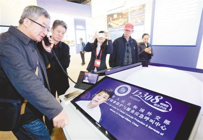 2017年10月27日,市民在北京展覽館體驗外交部全球領事保護與服務應急呼叫中心12308熱線。人民視覺
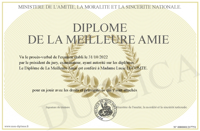 Envoyez par email votre Diplôme de LA MEILLEURE AMIE personalisé
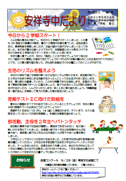 夏休みが終了し、今日から2学期がスタートしました。酷暑、大雨、台風とこれまでの概念を上回る出来事が多い夏でした。まだまだ残暑も続きますので、しっかりと睡眠をとって健康に十分留意し、生活のリズムを学校バージョンに戻してほしいと思います。生徒たちは、「今日から6時間授業なので、もう大丈夫」という様子です。
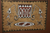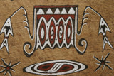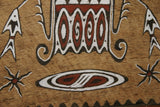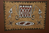 Rare Tapa Bark Cloth (Kapa in Hawaii), from Lake Sentani, Irian Jaya, Papua New Guinea. Hand painted by a Tribal Artist with natural pigments: Spiritual Stylized shield, Fish, Water Bugs Motifs 27" x 18" (no 40)
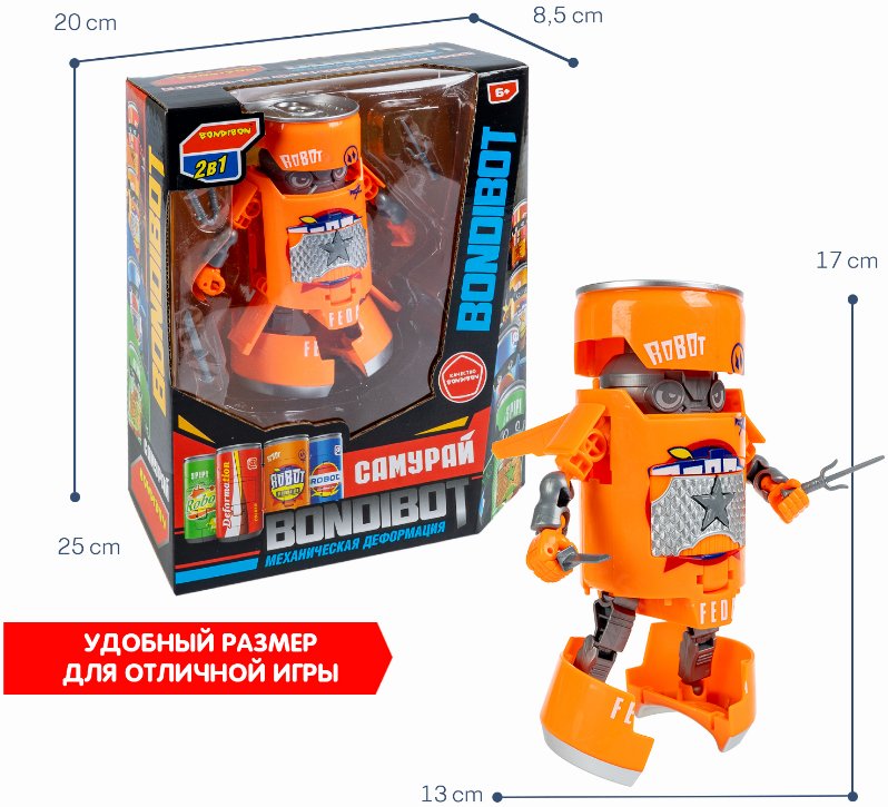 Разыграй друга – предложи ему оранжевую баночку с любимым напитком, в которой ловко замаскировался самурай с оружием! Трансформер BONDIBOT 2 в 1 банка робот от Bondibon – это необычная игрушка, которая дает простор детской фантазии и открывает безграничные возможности для игр! Трансформировать одну игрушку в другую можно сколько угодно раз, благодаря прочным деталям и гибким соединениям. Придумайте с роботом и банкой различные сюжетно-ролевые игры, а также веселые приколы. Трансформер BONDIBOT 2 в 1 банка робот от Бондибон – две игрушки в одной, которые помогут развить интерес к конструированию, воображение и эмоциональный интеллект ребенка. Мальчики будут рады получить такой интересный подарок на день рождения, Новый год, 23 февраля и любой другой праздник. Игрушка изготовлена из качественных безопасных материалов. В набор входят: робот-банка и игрушечное оружие. Возраст 6+ Соберите коллекцию из четырех забавных самураев!

========================================================================

• About this task: Please output each line above exactly and omit all images.

• Finished exercise:
 2017年10月27日,市民在北京展覽館體驗外交部全球領事保護與服務應急呼叫中心12308熱線。人民視覺
 Envoyez par email votre Diplôme de LA MEILLEURE AMIE personalisé
 夏休みが終了し、今日から2学期がスタートしました。酷暑、大雨、台風とこれまでの概念を上回る出来事が多い夏でした。まだまだ残暑も続きますので、しっかりと睡眠をとって健康に十分留意し、生活のリズムを学校バージョンに戻してほしいと思います。生徒たちは、「今日から6時間授業なので、もう大丈夫」という様子です。
 Rare Tapa Bark Cloth (Kapa in Hawaii), from Lake Sentani, Irian Jaya, Papua New Guinea. Hand painted by a Tribal Artist with natural pigments: Spiritual Stylized shield, Fish, Water Bugs Motifs 27" x 18" (no 40)
 Разыграй друга – предложи ему оранжевую баночку с любимым напитком, в которой ловко замаскировался самурай с оружием! Трансформер BONDIBOT 2 в 1 банка робот от Bondibon – это необычная игрушка, которая дает простор детской фантазии и открывает безграничные возможности для игр! Трансформировать одну игрушку в другую можно сколько угодно раз, благодаря прочным деталям и гибким соединениям. Придумайте с роботом и банкой различные сюжетно-ролевые игры, а также веселые приколы. Трансформер BONDIBOT 2 в 1 банка робот от Бондибон – две игрушки в одной, которые помогут развить интерес к конструированию, воображение и эмоциональный интеллект ребенка. Мальчики будут рады получить такой интересный подарок на день рождения, Новый год, 23 февраля и любой другой праздник. Игрушка изготовлена из качественных безопасных материалов. В набор входят: робот-банка и игрушечное оружие. Возраст 6+ Соберите коллекцию из четырех забавных самураев!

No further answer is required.